* [INSTRUCTIONS FOR THE TASK]:
Look for the string "Państwowych" in the listing. Copy each line that has it.

*** Opening RECORD EXTRACTS ***

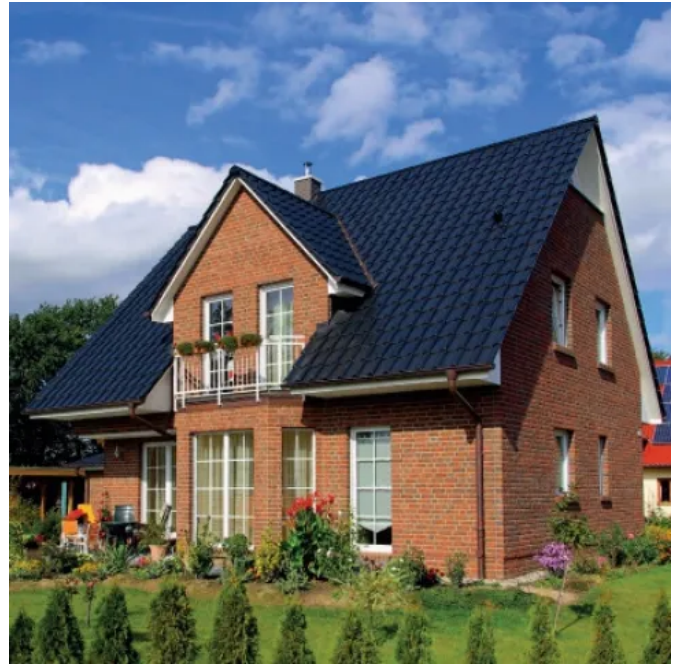
Zweischaliges Mauerwerk mit Klinkerfassade kann nachträglich mit Dämmstoff-Granulat saniert werden.

HIRSCH PoroBead 033 wird aus einem innovativen Rohstoff auf EPS-Basis hergestellt, ist wasserabweisend und vollständig recycelbar. Für die schnelle und wirtschaftliche Verarbeitung von HIRSCH PoroBead 033 sorgt das spezielle HIRSCH Porozell Einblasverfahren. So können selbst schwer zugängliche Bereiche sicher und gleichmäßig mit dem Granulat aufgefüllt werden. Die nachträgliche Kernndämmung mit HIRSCH PoroBead 033 senkt die Wärmeverluste bei Bestandsgebäuden und verbessert die Behaglichkeit. Mit HIRSCH PoroBead 033 gedämmte Außenwände sparen Heizenergie und tragen durch Verringerung des CO 2 -Ausstosses zur Umweltentlastung bei.
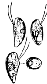
Rhodomonas sp. (ロドモナス) 褐色鞭毛藻綱

細胞は、長楕円形で長さが約10 \mu\text{m} と小型であり、葉緑体は少し赤みを帯びている。 2本の鞭毛を有する。
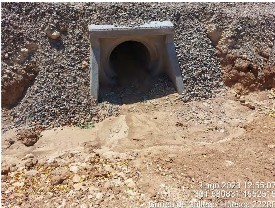
Imagen 1. Desagüe con riesgo de taponarse e impedir que el agua pueda salir por esa vía.
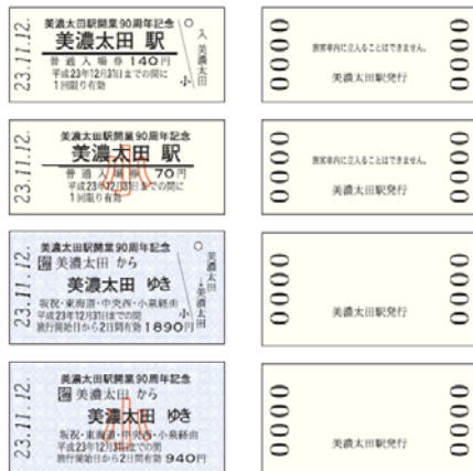
美濃太田駅開業 90 周年記念乗車券(硬券)(イメージ)

美濃太田駅の入場券や乗車券がセットになった「美濃太田駅開業 90 周年記念乗車券（硬券）」を発売します。
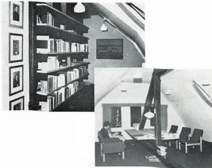
Det pædagogiske bibliotek under hanebjælkerne i „Den gåd“.
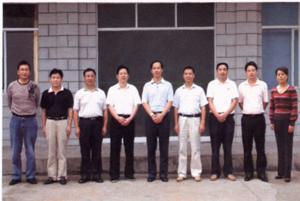
2007年4月换届后的县政府领导班子
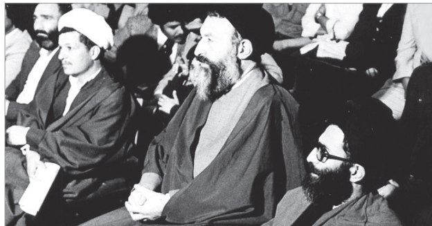
آیت... خامنه‌ای و مر حوم آیت... بهشتی و مر حوم آیت... هاشمی رفسنجانی در یکی از جلسات حزب جمهوری، اسفند ۱۳۵۷. این مناسبت انتصاب شهید بهشتی به سمت رئیس دیوان عالی کشور است. امام خمینی

۲۲۰ نسخه از نشریه خط حزب... شماره‌ی ۷۰ در مصلی نماز جمعه شهرستان نهاوند توزیع شد.
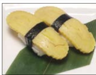
414. Tamago 4,00 Eieromelett
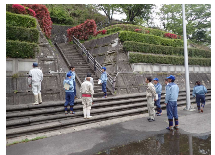
(参考) 昨年の点検実施状況
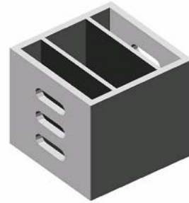
그림 1. 제작된 박스모형

그림 1은 본 연구에서 고안한 박스크기 및 손잡이위치에 따른 박스모형(mockup)이다.
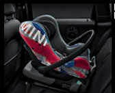
MINI Baby Seat Gruppe 0+
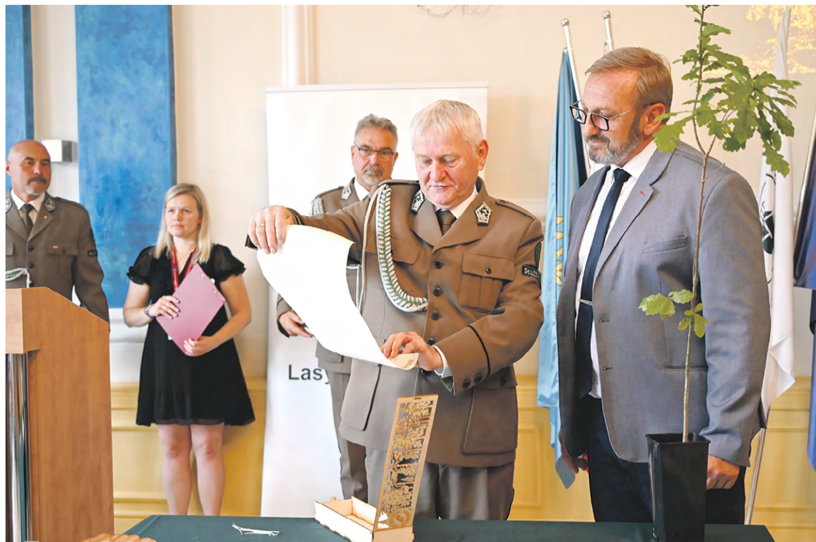
Dyrektor Generalny Lasów Państwowych Józef Kubica wręcza staroście gliwickiemu sadzonkę dębu papieskiego.

zimierz Gwiżdż, starosta gliwicki. Umocnieniem wzorowej współpracy było przekazanie przez Dyrektora Generalnego Lasów Państwowych Józefa Kubicę na ręce
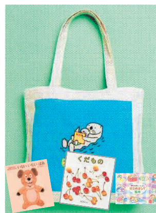
ブックスタートでプレゼント

また、保育所や認定こども園、小学校、児童センターでの読み聞かせ(※3)も定期的に行われ、読み聞かせボランティアの活動も活発に行われるようになりました。そのほか、「メディアコントロールチャレンジ」(※4)などデジタルメディア機器の使用に対する取り組みについても、子どもの年齢に応じて実施しています。

*** Closing RECORD EXTRACTS ***

* [EXERCISE SOLUTION]:
Dyrektor Generalny Lasów Państwowych Józef Kubica wręcza staroście gliwickiemu sadzonkę dębu papieskiego.
zimierz Gwiżdż, starosta gliwicki. Umocnieniem wzorowej współpracy było przekazanie przez Dyrektora Generalnego Lasów Państwowych Józefa Kubicę na ręce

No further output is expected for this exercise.